An excerpt from my doctoral dissertation, CRITICAL RACE POETICS AND THE GHOSTLY MATTER OF U.S. V. NARCISO AND PEREZ:

On July 13, 1977, after deliberating for 94 hours over the span of 15 days, the jury finally reached a verdict.

From Leonora Perez’s diary:

July 13, Wednesday: Went to Det. Cadillac w/ Daddy only. Itay, Inay, Ellen and company did not feel like going so they stayed. On our way to the hotel we heard on WWJ Tom McIntyre that maybe today is the day of the verdict because when the jury went inside the courtroom they were not dressed in blue jeans like before but it could also mean they will eat lunch at the renaissance center. So we hurriedly drove and reached the hotel and we say Tom O’Brien. Had to order breakfast for us when Grace and Cora came down to say they need us right away. Tom checked with Shirley so we waited and comes Vicky running and hurry up that today is the verdict. So we hurried up to the 25th floor and dressed up. Called Ellen so the family can come. Cameras flocked around us and we reached court were the only ones they were waiting for. The courtroom was packed with reporters, supporters, etc. Before they started the lawyers went in to the chamber and they were told whatever the verdict is the girls will go home till 9am tomorrow.

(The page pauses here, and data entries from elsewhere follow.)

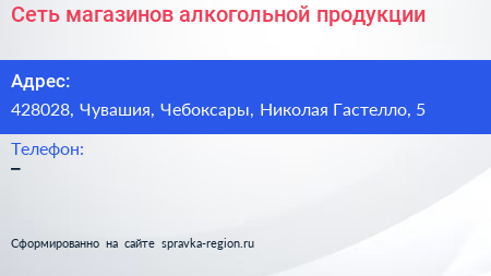 Сеть магазинов алкогольной продукции по адресу 428028, Чувашия, Чебоксары, Николая Гастелло, 5 в дальнейшем Организация, размещена в следующих категориях: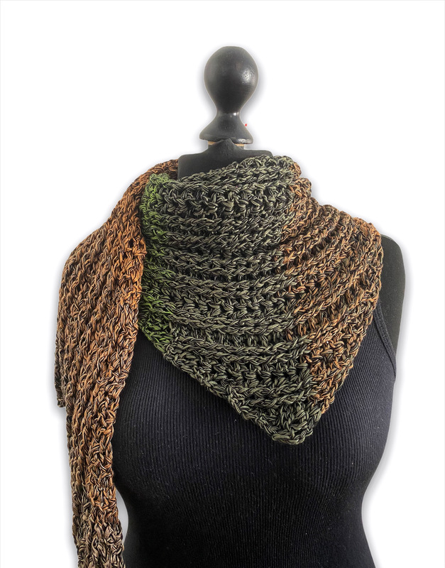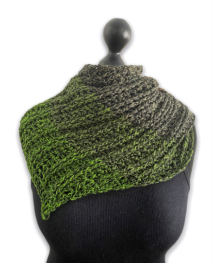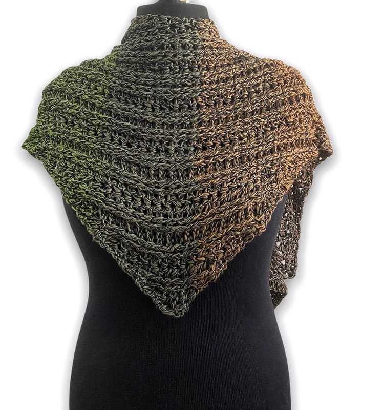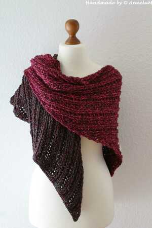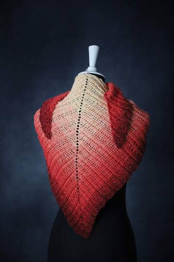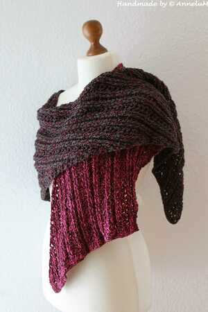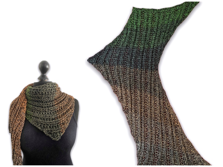 Vinosti ist ein Tuch das ihr auf zwei verschiedene Weisen häkeln könnt. Entweder als Schaltuch mit Spitze in der Mitte oder als einfachen schräg verlaufenden Schal. Es gibt bei dem Muster keine Vorher- bzw. Rückseite. Beide Seiten haben durch die Reliefstäbchen eine schöne Optik.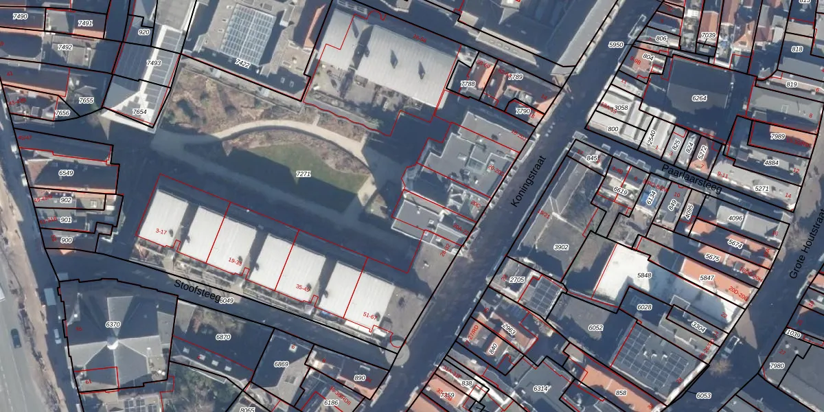 Het perceel waarop Koningstraat 20-B staat heeft een oppervlakte van 5275 m². Dit is een zeer groot perceel. De perceeloppervlakte wordt geregistreerd door het Kadaster. Gedetailleerde informatie over de maten van dit perceel kunt u vinden in het rapport Kadastrale kaart met maatvoering van Koningstraat 20-B.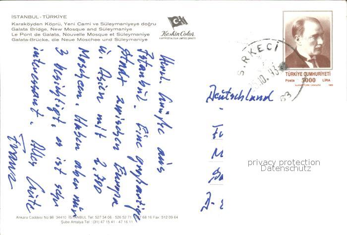 old postcard Istanbul Constantinopel Galata Bruecke neue Moschee Sueleymaniye Dampfer postalisch gelaufen

The 12 jurors came in and never looked at us. So the foreman handed in the verdict and the judge asked Steven Greenlay to read and read it. Narciso is found guilty on count 1 which is conspiracy, so I told myself my god I’m also guilty. They dropped PI’s [a.k.a. Filipina Narciso’s] murder and one poisoning. We were convicted on 3 counts of poisoning each and 1 count of conspiracy.

Everybody was shocked, disbelief and stunned. We went in to the institute and never said a word. My parents came, I just cried when I saw my mother, Ellen & co. and most of all my 2 boys. We went home very very sad. Could not take it. Went to PI’s to join for a prayer. Had interview w/ Kirk Cheyfitz and also Ann Arbor News. Met sympathizers. Home to Detroit. [1]

As Filipina Narciso and Leonora Perez potentially faced life imprisonment on account of poisoning, a wave of protests in support of the two nurses continued. Protesters charged the FBI with racial discrimination and legal lynching. At one rally a few days after the verdict, Filipina Narciso and Leonora Perez spoke out. “On the 13th day of July,” said Filipina Narciso, “justice died.” Leonora Perez said that she had simply “lost [her] faith in the American system.” [2]

NOTES:
[1]
From Leonora Perez’s unpublished prison diaries.
[2] Filipina Narciso and Leonora Perez are quoted in “Hundreds Protest Conviction of Nurses in Poisoning,” Los Angeles Times, July 18, 1977, B4.